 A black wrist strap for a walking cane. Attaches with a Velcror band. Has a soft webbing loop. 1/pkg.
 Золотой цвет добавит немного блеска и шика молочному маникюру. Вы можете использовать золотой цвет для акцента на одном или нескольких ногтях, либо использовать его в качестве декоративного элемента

...

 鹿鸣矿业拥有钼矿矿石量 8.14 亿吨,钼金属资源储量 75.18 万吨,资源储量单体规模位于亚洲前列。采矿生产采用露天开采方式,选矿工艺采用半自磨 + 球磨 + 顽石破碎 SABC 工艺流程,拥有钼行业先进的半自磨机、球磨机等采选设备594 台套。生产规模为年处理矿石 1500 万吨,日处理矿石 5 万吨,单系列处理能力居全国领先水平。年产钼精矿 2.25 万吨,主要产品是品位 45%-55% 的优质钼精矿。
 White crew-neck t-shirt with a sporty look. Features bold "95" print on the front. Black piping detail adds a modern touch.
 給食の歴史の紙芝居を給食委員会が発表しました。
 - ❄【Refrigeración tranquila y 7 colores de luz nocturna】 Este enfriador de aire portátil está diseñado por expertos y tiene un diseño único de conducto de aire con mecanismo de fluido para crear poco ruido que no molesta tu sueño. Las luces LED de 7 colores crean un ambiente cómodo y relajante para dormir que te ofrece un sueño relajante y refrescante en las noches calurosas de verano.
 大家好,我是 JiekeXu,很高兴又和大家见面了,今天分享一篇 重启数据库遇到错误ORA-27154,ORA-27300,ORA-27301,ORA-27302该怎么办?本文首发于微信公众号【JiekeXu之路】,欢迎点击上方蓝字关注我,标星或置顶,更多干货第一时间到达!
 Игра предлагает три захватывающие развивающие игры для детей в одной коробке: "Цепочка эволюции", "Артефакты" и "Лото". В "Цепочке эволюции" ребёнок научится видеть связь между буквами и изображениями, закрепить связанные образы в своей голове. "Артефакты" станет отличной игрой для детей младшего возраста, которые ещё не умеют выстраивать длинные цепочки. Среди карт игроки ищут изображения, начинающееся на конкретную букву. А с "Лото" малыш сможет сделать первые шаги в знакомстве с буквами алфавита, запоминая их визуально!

WHAT TO PRODUCE.
Using the records above, copy word for word the line with "A black wrist", the line with "Золотой цвет добавит", and every line between them.

PROBLEM SOLUTION.
 A black wrist strap for a walking cane. Attaches with a Velcror band. Has a soft webbing loop. 1/pkg.
 Золотой цвет добавит немного блеска и шика молочному маникюру. Вы можете использовать золотой цвет для акцента на одном или нескольких ногтях, либо использовать его в качестве декоративного элемента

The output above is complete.